Directions —
Print the whole listing exactly as it appears, but skip the pictures.

□ □ □

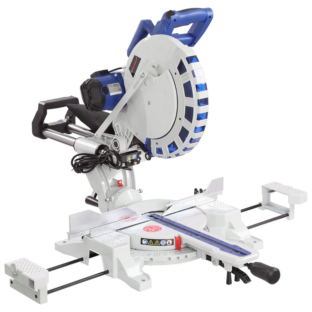 Поворотный рабочий стол из алюминиевого литья Регулируемый ограничитель глубины пропила Раздвижные расширители рабочего стола Пильный узел имеет наклон в обе стороны от -45 до +45 град Механизм блокировки вала для облегчения замены пильного диска Регулировка наклона и поворота пильного диска Стопор основных углов поворота Прижим заготовки Лазерный указатель |
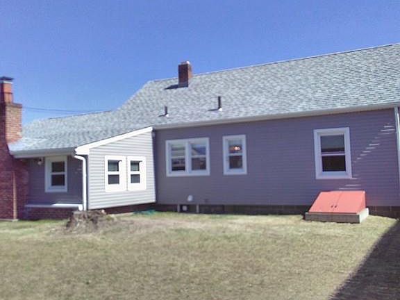 LARGE 3 bedroom cape style home with a 1 car attached garage that has many updates!! NEWER ROOF, VINYL REPLACEMENT WINDOWS AND VINYL SIDING all done approximately 5 years ago!! This home has a large eat in kitchen with brown oak cabinets and a dining area as well as a large living room with oak hardwood floors. Home also has 2 good sized bedrooms with oak hardwood floors on 1st floor. There is plenty of closet space throughout the house. There is a heated breezeway with a large fire placed family room attached to it that has dark oak hardwood flooring.Great for entertaining!! Large master bedroom on the 2nd floor that has berber carpeting and built in drawers. There is a partially finished walk out basement that could be a playroom as well as a full bath with laundry that has been updated!! This home also has a LARGE NEWER FENCED IN BACK YARD. All appliances are included in sale
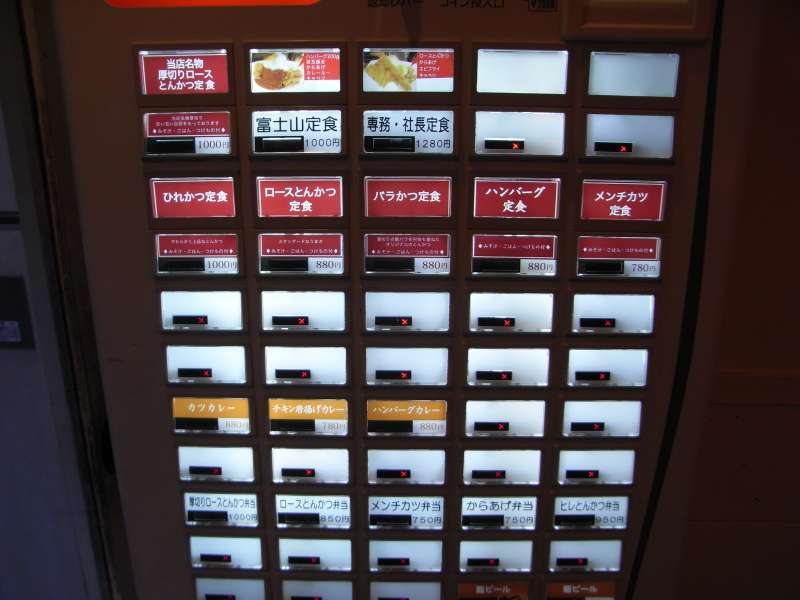 注文は入口の券売機で食券を買う方式です。以前のメニューと比べると、う〜ん、ガッツリ度が低くなっているような気もします。それだけでなくメニューが少なくなっているようにも思えます。今回は店のお勧めという、厚切りロースとんかつ定食\1000を食べてみることにしました。 |
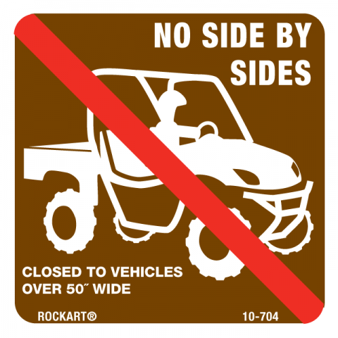 10-704No side by sides. Closed to vehicles over 50 wide. 3 x 3 decal. White/brown/red. Engineering Grade.
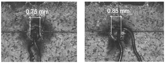 However, when analysing the calculated thermal cycles in more detail, it was noticed that there are also some differences in the maximum calculated temperature of the thermal cycle at the TC1 measurement for the case of using a model with a defined area of loaded mesh elements, as shown in Figure 13. This may be due to the fact that the thermal cycle is calculated at the mesh node of the model, while, in reality, the tip of the thermocouple is not a point but has a specific dimension that covers a larger area. The result is therefore recorded as an average of the temperature value in this area. Based on the analysis of selected measurement points, it was found that the size of the tip of the thermocouples heated to the tested samples was in the range of 0.76 to 0.84 mm, as shown in Figure 14.
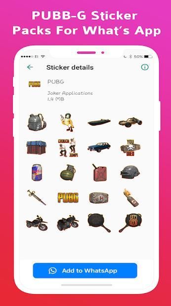 Discover apps for Android here, 20,000+ users downloaded Pub-G Stickers For Whatsapp latest version on 9Apps for free every week! It works great even on 2G. This hot app was released on 2018-12-07. Here are some guides of this app:
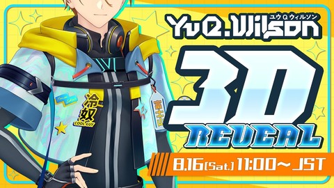 【にじさんじEN】ユウ Q ウィルソンの3Dお披露目、8/16(土) 11:00に配信『ENがどんどん3Dになってくのええなあ』
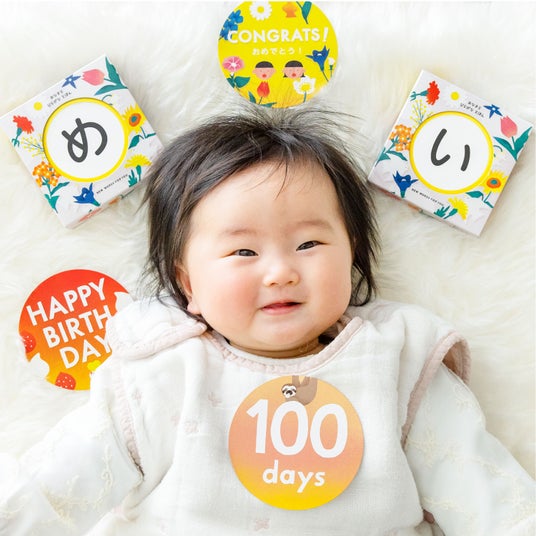 名入れやオーダーメイド商品のように、赤ちゃんの“なまえ”で贈ることで特別感たっぷりの贈り物になります。男女問わず喜ばれる可愛いデザインで、0歳からの月齢フォトの装飾にしたり、ひらがなに興味を持ち始める4・5歳ぐらいまでのお子様がパパ・ママとまねっこして遊んだり、長くご活用いただけるように趣向をこらしました。“なまえ”をきっかけに新しい言葉の世界を広げ、遊びながらひらがなを学ぶことができます。出産祝いの贈り物としてもお選びいただけるように、Web限定でおくるみ・マンスリーとのセットもご用意しております。
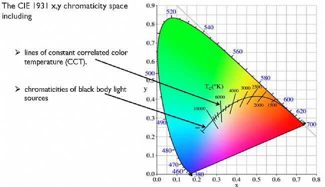 我們現(xiàn)在描述一個(gè)光源是經(jīng)常是使用相關(guān)色溫(CCT),CCT定義為光源的色度坐標(biāo)靠近于黑體的軌跡。
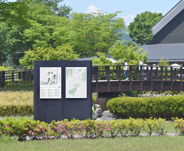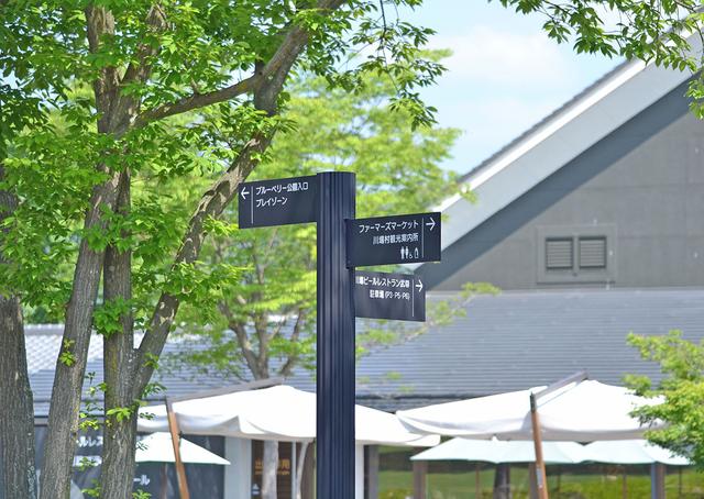 川場村,是位于日本群馬縣一個小型旅游景點,景色優(yōu)美,溫度適宜,很受游客歡迎,每年有大致120萬游客到訪。因為預算有限,設計師采用了價格低廉的瓦楞板來做標識牌。金屬瓦楞板耐腐蝕,而且材料可以讓人很容易聯(lián)想到自然和“耕作”,和川場村大量依賴農業(yè)經濟的實際情況相符合。但是瓦楞板的波浪形表面,導致直接寫在瓦楞板上的內容很難別識別,需要經過設計處理,讓標識顯得有節(jié)奏感。
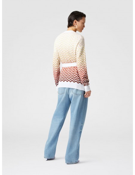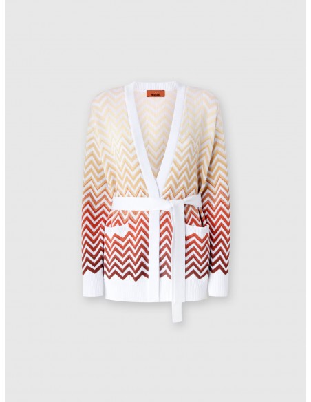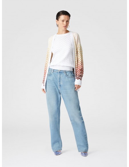 Este Cárdigan Zigzag Degradado de Missoni es una obra maestra de savoir-faire que resalta la excelencia artesanal de la maison. Confeccionado en jacquard de alta calidad, el característico motivo de chevron degradado crea un efecto visual envolvente y sofisticado.
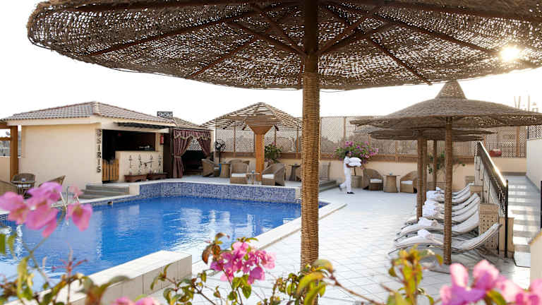 Das Barceló Cairo Pyramids Hotel verfügt über einen Außenpoolbereich, der ideal zum Entspannen und Abkühlen ist. Es gibt auch eine Terrasse mit Sonnenliegen und Sonnenschirmen, wo Sie sich entspannen und die Sonne genießen können. Für diejenigen, die gerne aktiv sind, gibt es einen Fitnessraum, der sich perfekt für ein umfassendes und abwechslungsreiches Work-Out eignet. Im Wellnessbereich des Hotels können Sie verschiedene Wellnessangebote wie Spa, Sauna, Dampfbad, Massage-Anwendungen und Solarium genießen. Eine Disco und ein Nachtclub sorgen für Spaß und Unterhaltung.
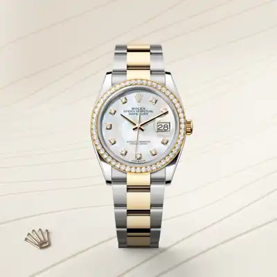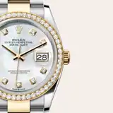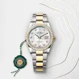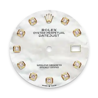 This dial features diamonds in 18 ct gold settings. Mother-of-pearl is by its nature full of mystery and surprises. Depending on its origin, it can be pink, white, black or yellow. It differs in colour, intensity and structure according to the part of the shell from which it is extracted. At Rolex, mother-of-pearl is never artificially coloured. Instead, particular know-how and skill are devoted to simply highlighting its natural beauty and preserving the original hues. As all mother-of-pearl dials are unique pieces, an identical dial will never be found on another wrist.
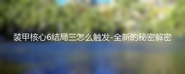 装甲核心6是一款备受期待的游戏,玩家们迫不及待地希望体验不同的结局。尽管游戏开发者一直保持神秘,但我们可以通过一些线索来了解结局三的触发方式。
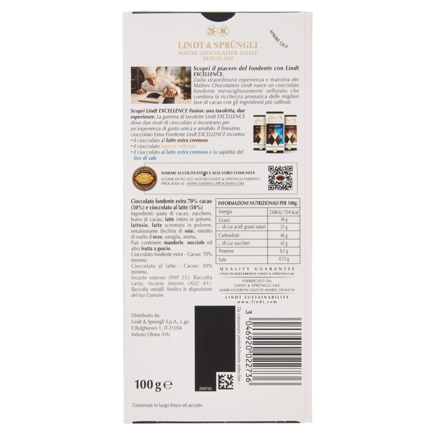 Lindt Excellence Fusion Tavoletta 2 strati cioccolato fondente 70% e latte 100 g
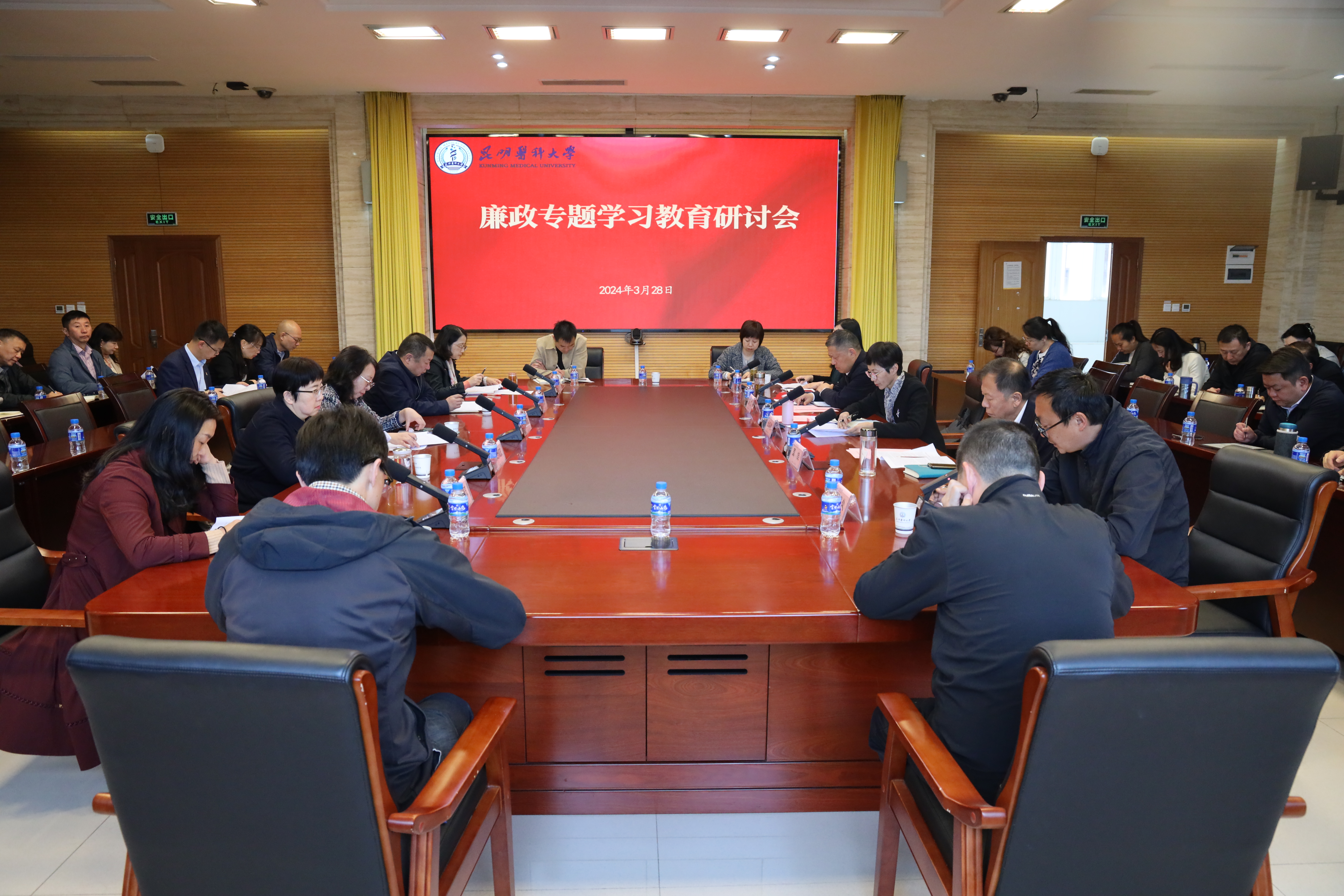 3月28日,昆明医科大学在呈贡校区召开廉政专题学习教育研讨会。学校党委副书记徐绍琼,党委委员、第一附属医院暨第一临床医学院党委书记周佳,纪委书记陈文,校属各单位党委、直属党支部负责人和职能部门负责人等参加会议。

□ □ □

Written solution —
 Поворотный рабочий стол из алюминиевого литья Регулируемый ограничитель глубины пропила Раздвижные расширители рабочего стола Пильный узел имеет наклон в обе стороны от -45 до +45 град Механизм блокировки вала для облегчения замены пильного диска Регулировка наклона и поворота пильного диска Стопор основных углов поворота Прижим заготовки Лазерный указатель |
 LARGE 3 bedroom cape style home with a 1 car attached garage that has many updates!! NEWER ROOF, VINYL REPLACEMENT WINDOWS AND VINYL SIDING all done approximately 5 years ago!! This home has a large eat in kitchen with brown oak cabinets and a dining area as well as a large living room with oak hardwood floors. Home also has 2 good sized bedrooms with oak hardwood floors on 1st floor. There is plenty of closet space throughout the house. There is a heated breezeway with a large fire placed family room attached to it that has dark oak hardwood flooring.Great for entertaining!! Large master bedroom on the 2nd floor that has berber carpeting and built in drawers. There is a partially finished walk out basement that could be a playroom as well as a full bath with laundry that has been updated!! This home also has a LARGE NEWER FENCED IN BACK YARD. All appliances are included in sale
 注文は入口の券売機で食券を買う方式です。以前のメニューと比べると、う〜ん、ガッツリ度が低くなっているような気もします。それだけでなくメニューが少なくなっているようにも思えます。今回は店のお勧めという、厚切りロースとんかつ定食\1000を食べてみることにしました。 |
 10-704No side by sides. Closed to vehicles over 50 wide. 3 x 3 decal. White/brown/red. Engineering Grade.
 However, when analysing the calculated thermal cycles in more detail, it was noticed that there are also some differences in the maximum calculated temperature of the thermal cycle at the TC1 measurement for the case of using a model with a defined area of loaded mesh elements, as shown in Figure 13. This may be due to the fact that the thermal cycle is calculated at the mesh node of the model, while, in reality, the tip of the thermocouple is not a point but has a specific dimension that covers a larger area. The result is therefore recorded as an average of the temperature value in this area. Based on the analysis of selected measurement points, it was found that the size of the tip of the thermocouples heated to the tested samples was in the range of 0.76 to 0.84 mm, as shown in Figure 14.
 Discover apps for Android here, 20,000+ users downloaded Pub-G Stickers For Whatsapp latest version on 9Apps for free every week! It works great even on 2G. This hot app was released on 2018-12-07. Here are some guides of this app:
 【にじさんじEN】ユウ Q ウィルソンの3Dお披露目、8/16(土) 11:00に配信『ENがどんどん3Dになってくのええなあ』
 名入れやオーダーメイド商品のように、赤ちゃんの“なまえ”で贈ることで特別感たっぷりの贈り物になります。男女問わず喜ばれる可愛いデザインで、0歳からの月齢フォトの装飾にしたり、ひらがなに興味を持ち始める4・5歳ぐらいまでのお子様がパパ・ママとまねっこして遊んだり、長くご活用いただけるように趣向をこらしました。“なまえ”をきっかけに新しい言葉の世界を広げ、遊びながらひらがなを学ぶことができます。出産祝いの贈り物としてもお選びいただけるように、Web限定でおくるみ・マンスリーとのセットもご用意しております。
 我們現(xiàn)在描述一個(gè)光源是經(jīng)常是使用相關(guān)色溫(CCT),CCT定義為光源的色度坐標(biāo)靠近于黑體的軌跡。
 川場村,是位于日本群馬縣一個小型旅游景點,景色優(yōu)美,溫度適宜,很受游客歡迎,每年有大致120萬游客到訪。因為預算有限,設計師采用了價格低廉的瓦楞板來做標識牌。金屬瓦楞板耐腐蝕,而且材料可以讓人很容易聯(lián)想到自然和“耕作”,和川場村大量依賴農業(yè)經濟的實際情況相符合。但是瓦楞板的波浪形表面,導致直接寫在瓦楞板上的內容很難別識別,需要經過設計處理,讓標識顯得有節(jié)奏感。
 Este Cárdigan Zigzag Degradado de Missoni es una obra maestra de savoir-faire que resalta la excelencia artesanal de la maison. Confeccionado en jacquard de alta calidad, el característico motivo de chevron degradado crea un efecto visual envolvente y sofisticado.
 Das Barceló Cairo Pyramids Hotel verfügt über einen Außenpoolbereich, der ideal zum Entspannen und Abkühlen ist. Es gibt auch eine Terrasse mit Sonnenliegen und Sonnenschirmen, wo Sie sich entspannen und die Sonne genießen können. Für diejenigen, die gerne aktiv sind, gibt es einen Fitnessraum, der sich perfekt für ein umfassendes und abwechslungsreiches Work-Out eignet. Im Wellnessbereich des Hotels können Sie verschiedene Wellnessangebote wie Spa, Sauna, Dampfbad, Massage-Anwendungen und Solarium genießen. Eine Disco und ein Nachtclub sorgen für Spaß und Unterhaltung.
 This dial features diamonds in 18 ct gold settings. Mother-of-pearl is by its nature full of mystery and surprises. Depending on its origin, it can be pink, white, black or yellow. It differs in colour, intensity and structure according to the part of the shell from which it is extracted. At Rolex, mother-of-pearl is never artificially coloured. Instead, particular know-how and skill are devoted to simply highlighting its natural beauty and preserving the original hues. As all mother-of-pearl dials are unique pieces, an identical dial will never be found on another wrist.
 装甲核心6是一款备受期待的游戏,玩家们迫不及待地希望体验不同的结局。尽管游戏开发者一直保持神秘,但我们可以通过一些线索来了解结局三的触发方式。
 Lindt Excellence Fusion Tavoletta 2 strati cioccolato fondente 70% e latte 100 g
 3月28日,昆明医科大学在呈贡校区召开廉政专题学习教育研讨会。学校党委副书记徐绍琼,党委委员、第一附属医院暨第一临床医学院党委书记周佳,纪委书记陈文,校属各单位党委、直属党支部负责人和职能部门负责人等参加会议。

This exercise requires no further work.